How can I post data with overlong encoding to test for vulnerabilities?

I recently learned that overlong encodings cause a security risk when not properly validated. From the answer in the previously mentioned post:

For example the character < is usually represented as byte 0x3C, but could also be represented using the overlong UTF-8 sequence 0xC0 0xBC (or even more redundant 3- or 4-byte sequences).

And:

If you take this input and handle it in a Unicode-oblivious byte-based tool, then any character processing step being used in that tool may be evaded.

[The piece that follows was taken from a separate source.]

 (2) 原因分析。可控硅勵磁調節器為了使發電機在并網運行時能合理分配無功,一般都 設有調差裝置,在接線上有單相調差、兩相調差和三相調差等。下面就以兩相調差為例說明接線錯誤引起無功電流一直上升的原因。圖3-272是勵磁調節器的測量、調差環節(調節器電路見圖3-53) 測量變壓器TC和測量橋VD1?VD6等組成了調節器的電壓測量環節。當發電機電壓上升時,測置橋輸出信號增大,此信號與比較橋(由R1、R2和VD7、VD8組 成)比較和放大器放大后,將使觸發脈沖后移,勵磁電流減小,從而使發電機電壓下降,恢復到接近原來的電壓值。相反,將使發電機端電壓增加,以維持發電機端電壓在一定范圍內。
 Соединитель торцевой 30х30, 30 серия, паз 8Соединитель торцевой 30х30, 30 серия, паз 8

Meaning that if I use htmlspecialchars on a string that uses overlong encoding, then the output could still contain tags. I also assume that you could post similar characters (like " or ;) which could also be used for SQL injections.

Perhaps it is me, but I believe that this is a security risk relatively few people take into account and even know about. I've been coding for years and am only now finding this out.

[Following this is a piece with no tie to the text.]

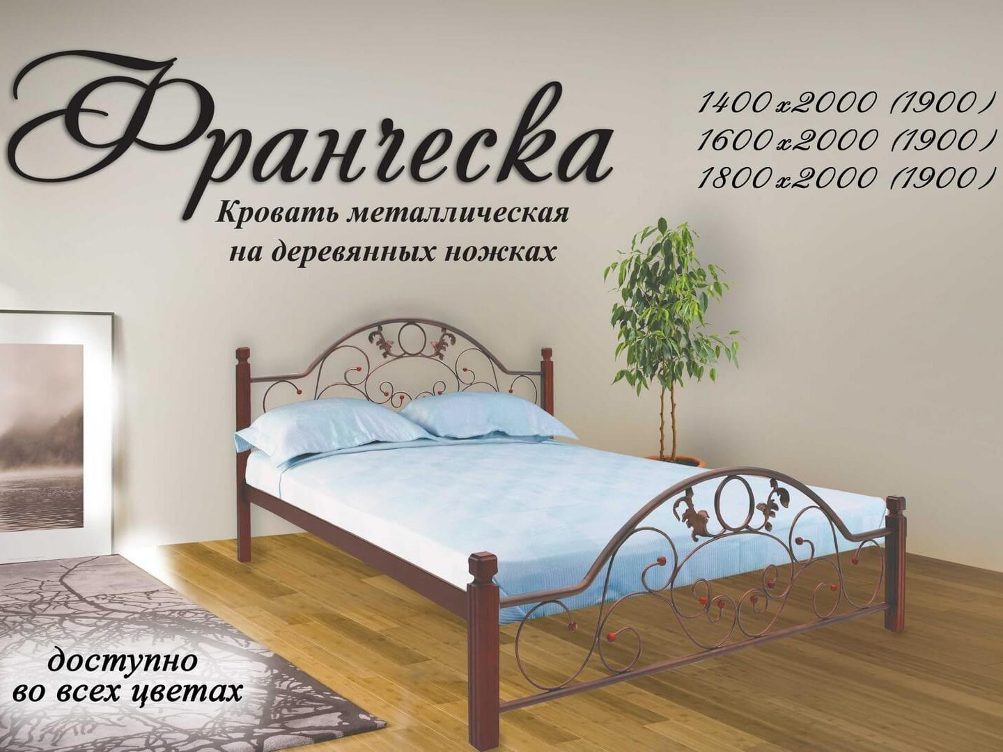 Ліжко Метал-Дизайн Франческа на дерев'яних ногах 1900(2000)х1800 мм чорний оксамит

Anyway, my question is: what tools can I use to send data with overlong encodings? People who are familiar with this risk: how do you perform tests on websites? I want to POST a bunch of overlong characters to my sites, but I have no idea how to do this.

In my situation I mostly use PHP and MySQL, but what I really want to know are testing tools, so I guess the back-end situation does not matter much.


ANSWERS:


To test if your site is vulnerable use curl to fets your page using post and the encoding to the utf8 long and post utf8 long encoded information(you could use your text editor for this by setting the text editor encoding to utf8 long so the text you post using curl and the php file is in long)

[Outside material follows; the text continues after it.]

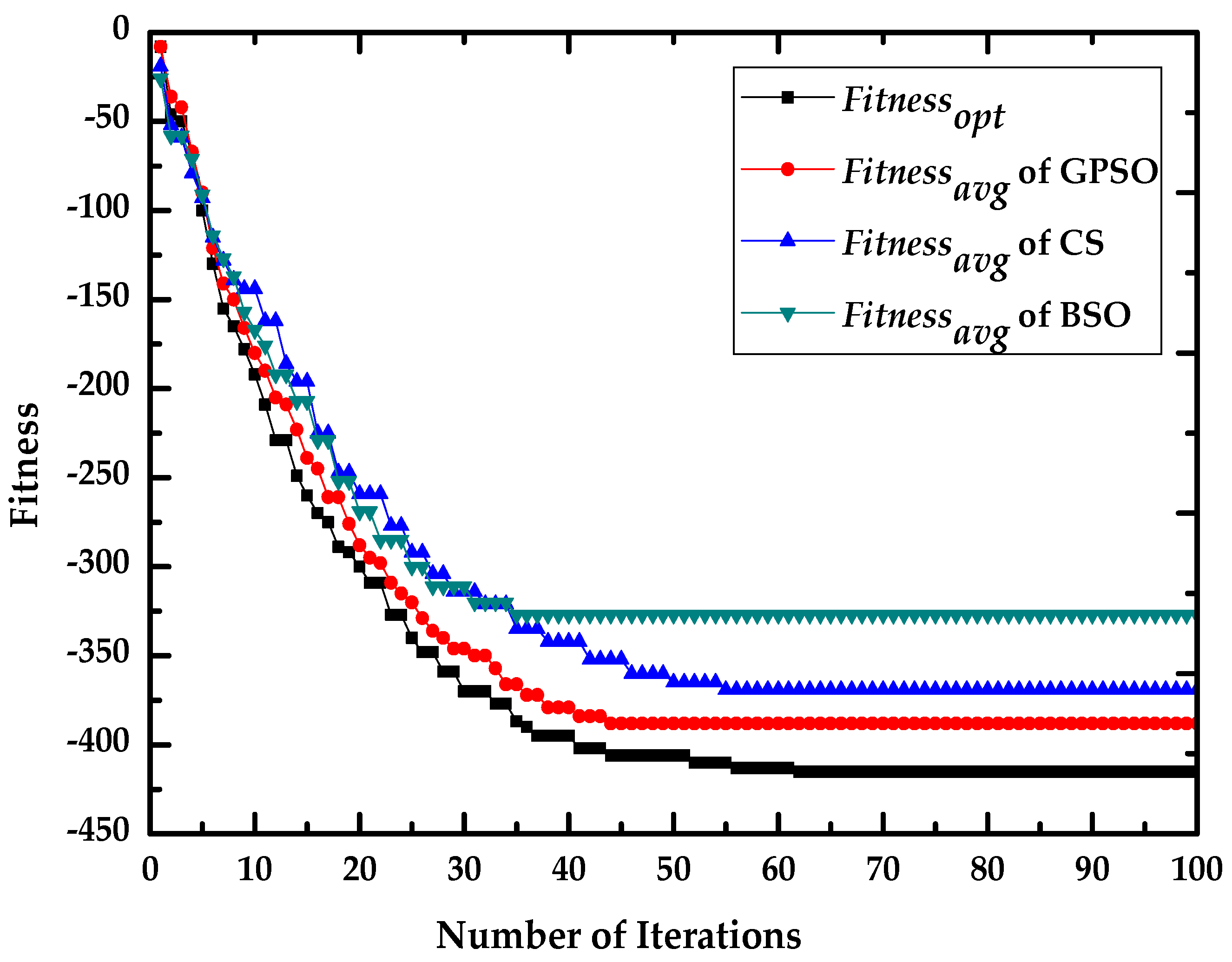 Comparison analysis of fitness convergence with BSO, CS and GPSO in Case B.

I want to POST a bunch of overlong characters to my sites, but I have no idea how to do this.

Apart from testing it with manual request tools like curl, a simple workaround for in-browser testing is to override the encoding of the form submission. Using eg Firebug/Chrome Debugger, alter the form you're testing to add the attribute:

accept-charset="iso-8859-1"

You can now type characters that, when encoded as Windows code page 1252(*), become the UTF-8 overlong byte sequence you want.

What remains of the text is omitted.